■ Aim of the task ■
Output every record verbatim, and omit each picture.

■ Data extracted from a collection ■
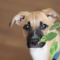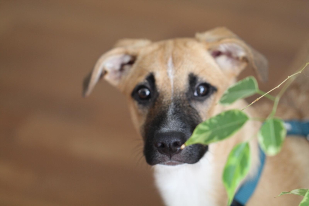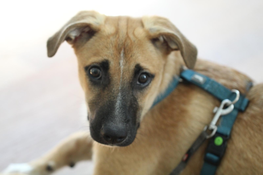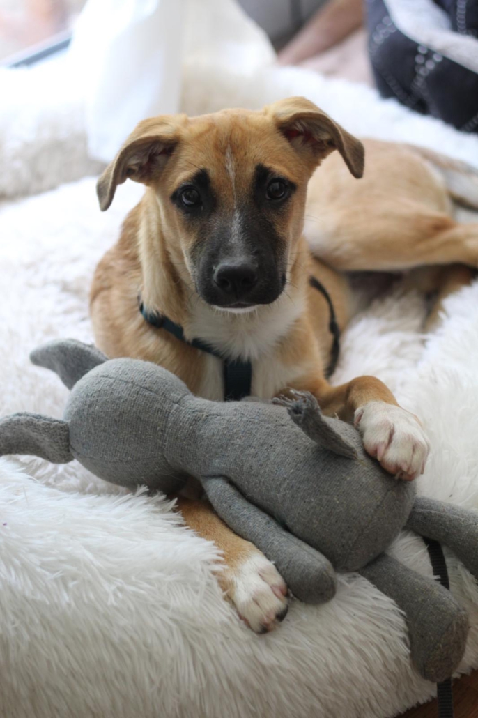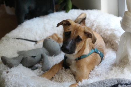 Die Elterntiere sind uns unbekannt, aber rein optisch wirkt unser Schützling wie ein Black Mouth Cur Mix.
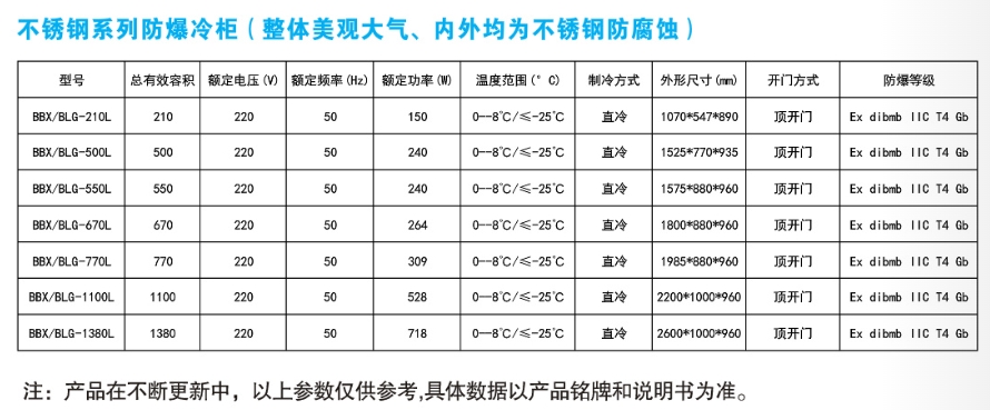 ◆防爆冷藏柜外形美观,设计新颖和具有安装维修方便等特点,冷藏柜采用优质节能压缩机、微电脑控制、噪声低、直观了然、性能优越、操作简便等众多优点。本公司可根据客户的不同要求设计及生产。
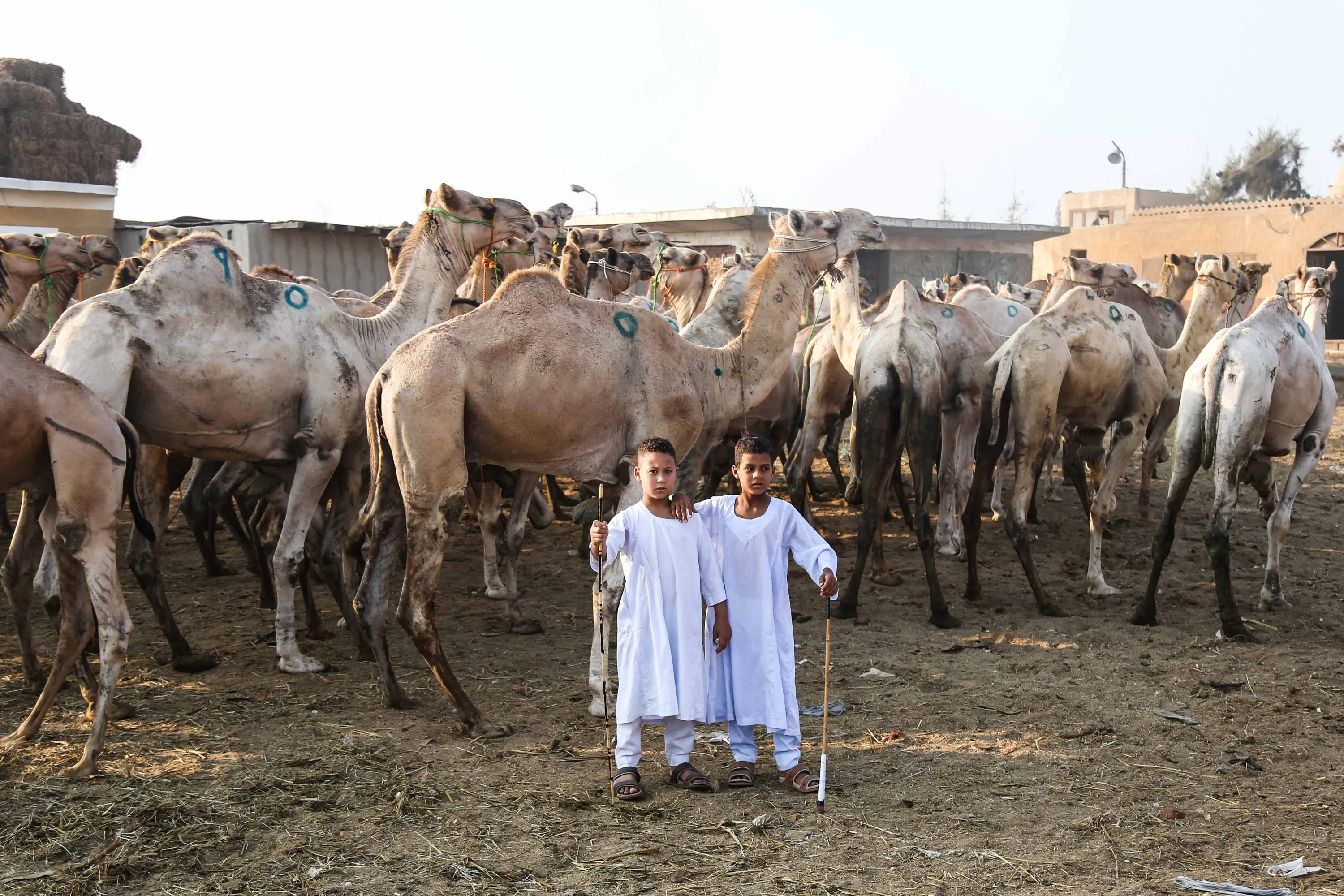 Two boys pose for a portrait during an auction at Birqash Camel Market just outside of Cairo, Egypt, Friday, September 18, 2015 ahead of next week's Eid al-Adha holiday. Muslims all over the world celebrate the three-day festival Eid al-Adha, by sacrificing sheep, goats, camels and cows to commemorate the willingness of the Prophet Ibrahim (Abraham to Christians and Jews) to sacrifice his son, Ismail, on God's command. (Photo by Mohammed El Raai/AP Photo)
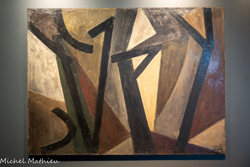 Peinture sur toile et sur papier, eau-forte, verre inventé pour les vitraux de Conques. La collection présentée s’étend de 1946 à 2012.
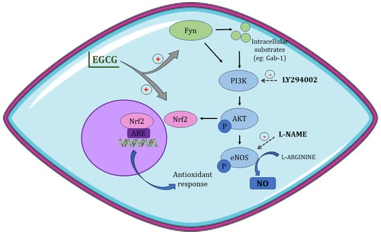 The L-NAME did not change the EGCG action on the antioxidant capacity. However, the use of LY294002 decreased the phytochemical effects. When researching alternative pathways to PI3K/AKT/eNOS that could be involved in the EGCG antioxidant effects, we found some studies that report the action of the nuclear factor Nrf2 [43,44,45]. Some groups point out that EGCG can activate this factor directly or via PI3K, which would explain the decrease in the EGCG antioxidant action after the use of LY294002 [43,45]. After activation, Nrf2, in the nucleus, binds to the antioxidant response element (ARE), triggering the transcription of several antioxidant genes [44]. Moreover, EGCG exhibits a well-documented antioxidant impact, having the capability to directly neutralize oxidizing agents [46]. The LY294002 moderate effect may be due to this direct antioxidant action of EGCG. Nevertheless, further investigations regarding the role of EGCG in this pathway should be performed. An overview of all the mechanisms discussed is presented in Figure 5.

■ Answer for the task ■
 Die Elterntiere sind uns unbekannt, aber rein optisch wirkt unser Schützling wie ein Black Mouth Cur Mix.
 ◆防爆冷藏柜外形美观,设计新颖和具有安装维修方便等特点,冷藏柜采用优质节能压缩机、微电脑控制、噪声低、直观了然、性能优越、操作简便等众多优点。本公司可根据客户的不同要求设计及生产。
 Two boys pose for a portrait during an auction at Birqash Camel Market just outside of Cairo, Egypt, Friday, September 18, 2015 ahead of next week's Eid al-Adha holiday. Muslims all over the world celebrate the three-day festival Eid al-Adha, by sacrificing sheep, goats, camels and cows to commemorate the willingness of the Prophet Ibrahim (Abraham to Christians and Jews) to sacrifice his son, Ismail, on God's command. (Photo by Mohammed El Raai/AP Photo)
 Peinture sur toile et sur papier, eau-forte, verre inventé pour les vitraux de Conques. La collection présentée s’étend de 1946 à 2012.
 The L-NAME did not change the EGCG action on the antioxidant capacity. However, the use of LY294002 decreased the phytochemical effects. When researching alternative pathways to PI3K/AKT/eNOS that could be involved in the EGCG antioxidant effects, we found some studies that report the action of the nuclear factor Nrf2 [43,44,45]. Some groups point out that EGCG can activate this factor directly or via PI3K, which would explain the decrease in the EGCG antioxidant action after the use of LY294002 [43,45]. After activation, Nrf2, in the nucleus, binds to the antioxidant response element (ARE), triggering the transcription of several antioxidant genes [44]. Moreover, EGCG exhibits a well-documented antioxidant impact, having the capability to directly neutralize oxidizing agents [46]. The LY294002 moderate effect may be due to this direct antioxidant action of EGCG. Nevertheless, further investigations regarding the role of EGCG in this pathway should be performed. An overview of all the mechanisms discussed is presented in Figure 5.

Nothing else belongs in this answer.